Stefan Rohrbacher (born 10 November 1958) is a German Judaist.

== Life ==
Stefan Rohrbacher was born in Bad Schwalbach, a small spa town a short distance to the northwest of Wiesbaden. He attended university at Cologne and Berlin, his field of work including Oriental studies, Jewish studies and Art history. He received his doctorate in 1991 from Berlin's (misleadingly named) Technical University. His doctoral dissertation, subsequently reworked for commercial publication, dealt with "violence in the Biedermeier period" in the context of an increase in antisemitic riots at that time.
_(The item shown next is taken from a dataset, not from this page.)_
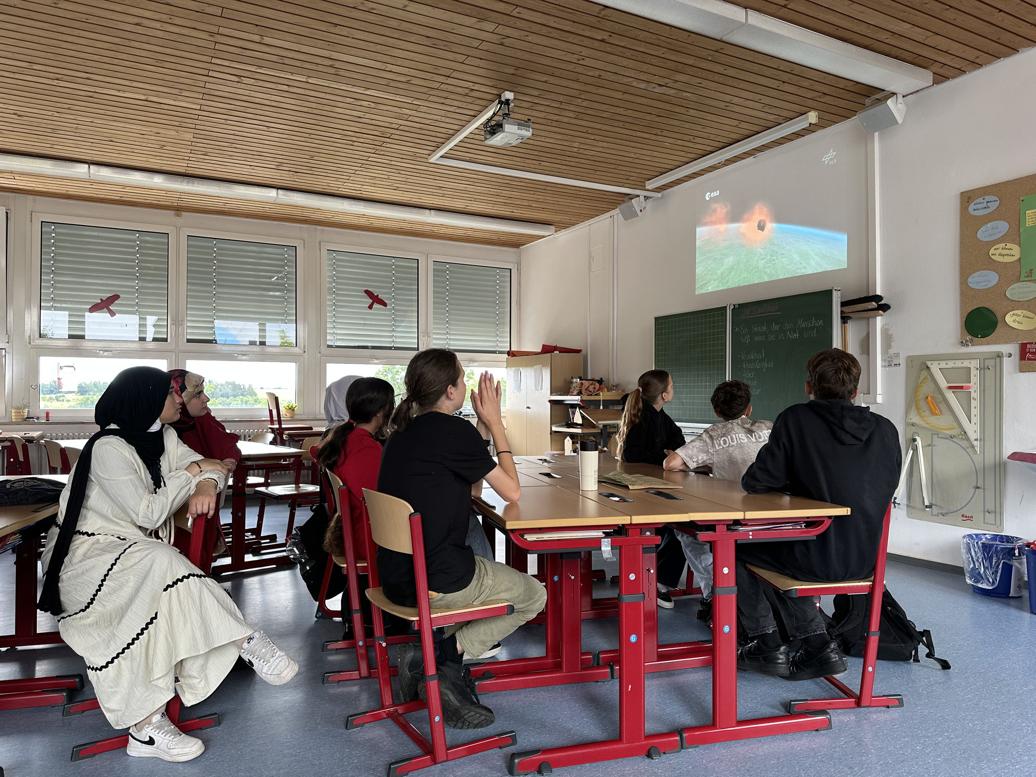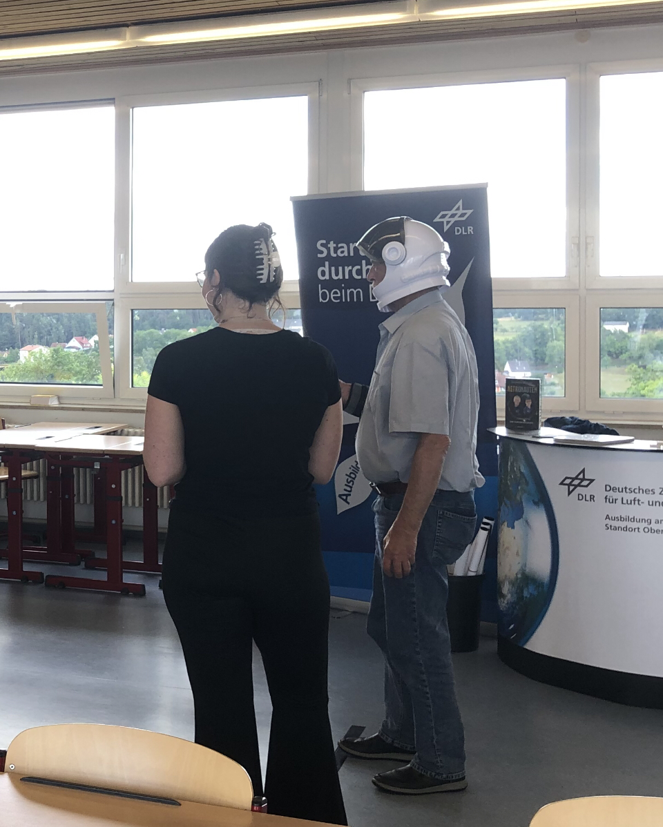 Einen ganz besonderen, spannenden und abwechslungsreichen Tag hatten wir zum Ende des Schuljahres mit dem Besuch des Space Buzz aus dem deutschen Luft- und Raumzentrums Oberpfaffenhofen. Die Attraktion war ein ca. halbstündiger VR-Flug durch das All. An vielen weiteren Stationen wurden die Themen Raumfahrt und Weltraum aufgegriffen. Kreativ, spielerisch und kulinarisch beschäftigten sich so alle SchülerInnen der Mittelschule Weltall.

In 1991 he accepted a position as an academic research assistant with the Berlin Historical Commission, remaining there till 1993. Between 1994 and 1997 he worked with the Hamburg-based Institute for the History of German Jews ("Institut für die Geschichte der deutschen Juden" / IGdJ).

He moved on again in 1997, becoming Professor for Jewish studies at Duisburg till 2002. He then took a professorial post at the Heinrich-Heine University in Düsseldorf. He is a former chairman of the Association of Judaists in Germany ("Verband der Judaisten in Deutschland") and a member of the board of the Academic Working Group with the Leo Baeck Institute.

Rohrbacher's most important research themes included Jewish history in central Europe, focusing primarily on the early modern period. He has also worked in depth on the Jewish enlightenment and the evolution of antisemitism, again with a particular focus on central Europe.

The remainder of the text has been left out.